Uzbekistan	7082.925300	70.00	7.00	1.104770e+07	Medium
Vanuatu	2933.806625	39.50	15.75	3.916390e+05	Very Low
Vietnam	10241.714750	173.25	7.25	8.626229e+07	Medium
Zambia	3304.687000	326.25	24.00	3.889813e+07	Low
Zimbabwe	2177.120575	197.00	21.50	3.363198e+07	Very Low

141 rows × 5 columns

# Create Boxplots
fig, axs = plt.subplots(ncols=2, figsize=(15, 5))
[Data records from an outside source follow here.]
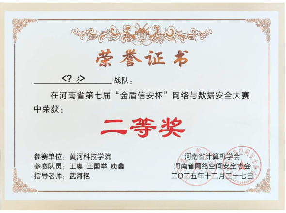 本届大赛由河南省计算机学会、河南省网络空间安全协会主办,河南省网络安全高校战队联盟、河南金盾信安检测评估中心有限公司联合承办。本次大赛为线上挑战赛,比赛题目类型包括理论题、CTF赛题,队伍总成绩为理论题得分+CTF 赛题得分,采取线上闯关模式。该赛事于2025年12月27日9:00至17:00举行,吸引了众多高校学子参与角逐。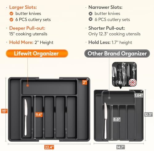 Large Capacity: Organize your kitchen drawer and make more space with this silverware organizer. Comes with two expandable panels on the left and right to store more silverware, cutlery, and kitchen utensils.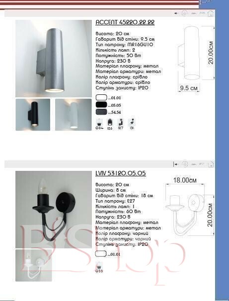 Количество ламп: 1. Тип цоколя: E27. Высота (см): 20. Ширина (см): 8. Глубина (см): 18. Мощность лампы (Вт): 60.
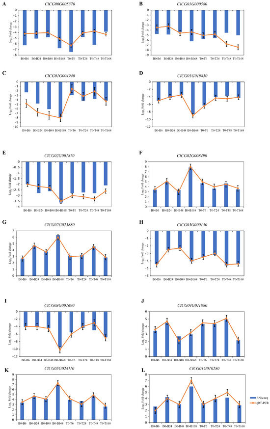Comparison analysis of qRT-PCR and RNA-seq for 12 genes. (A) ClCG00G005370, (B) ClCG01G000580, (C) ClCG01G004940, (D) ClCG01G019850, (E) ClCG02G001870, (F) ClCG02G008490, (G) ClCG02G023880, (H) ClCG03G000150, (I) ClCG03G001690, (J) ClCG04G011880, (K) ClCG05G024110, (L) ClCG01G010280. The gene expression level of RNA-seq is shown as Log2(fold change) and the fold-change is based on FPKM values of the drought stress group relative to the control group. The gene expression level of qRT-PCR is shown as Log2 (fold change = 2−ΔΔCt).

# Boxplot for 'Incidencia' by 'GDP_Level'
sns.boxplot(x='GDP_Level', y='Incidence', data=df_grouped1, color='skyblue', ax=axs[0])
axs[0].set_ylabel("Incidence")

# Boxplot for 'Budget' by 'GDP_Level'
sns.boxplot(x='GDP_Level', y='Budget', data=df_grouped1, color='pink', ax=axs[1])
axs[1].set_ylabel("Budget")

plt.subplots_adjust(wspace=0.5)
sns.set(rc={'figure.figsize':(10,5)})

plt.show()

# Show the joint distribution using kernel density estimation
g = sns.jointplot(data=df_grouped1, x="Incidence", y="GDP", kind="kde")
plt.show()

# Relationship of each group
sns.pairplot(df_grouped1, hue="GDP_Level")
plt.show()

Conclusions

• 3 dataframes were imported from 2 different web sources. Data was analyzed and different useful tools were shown to be able to extract trend values both numerically and graphically.
• A merge of the dataframes was achieved, relating variables from them and data was subdivided into labels that facilitated the interpretation of the obtained data.
• A correspondence could be visualized between the countries with the lowest GDP and their relationship with Tuberculosis. For example, with the correlation matrix filtered in poorer countries, it can be evidenced that the number of incidences and the number of deaths were correlated.
• It was visualized that the countries that invest the most in tuberculosis are those that have a medium GDP and that this investment is independent of the number of incidences.
• The Geopandas library was used as a useful tool for visualizing countries. It is an example of the many useful libraries that can be found to perform visualization tasks.
• The power of Python was shown to perform different processes of cleaning, processing, and data analysis at different levels.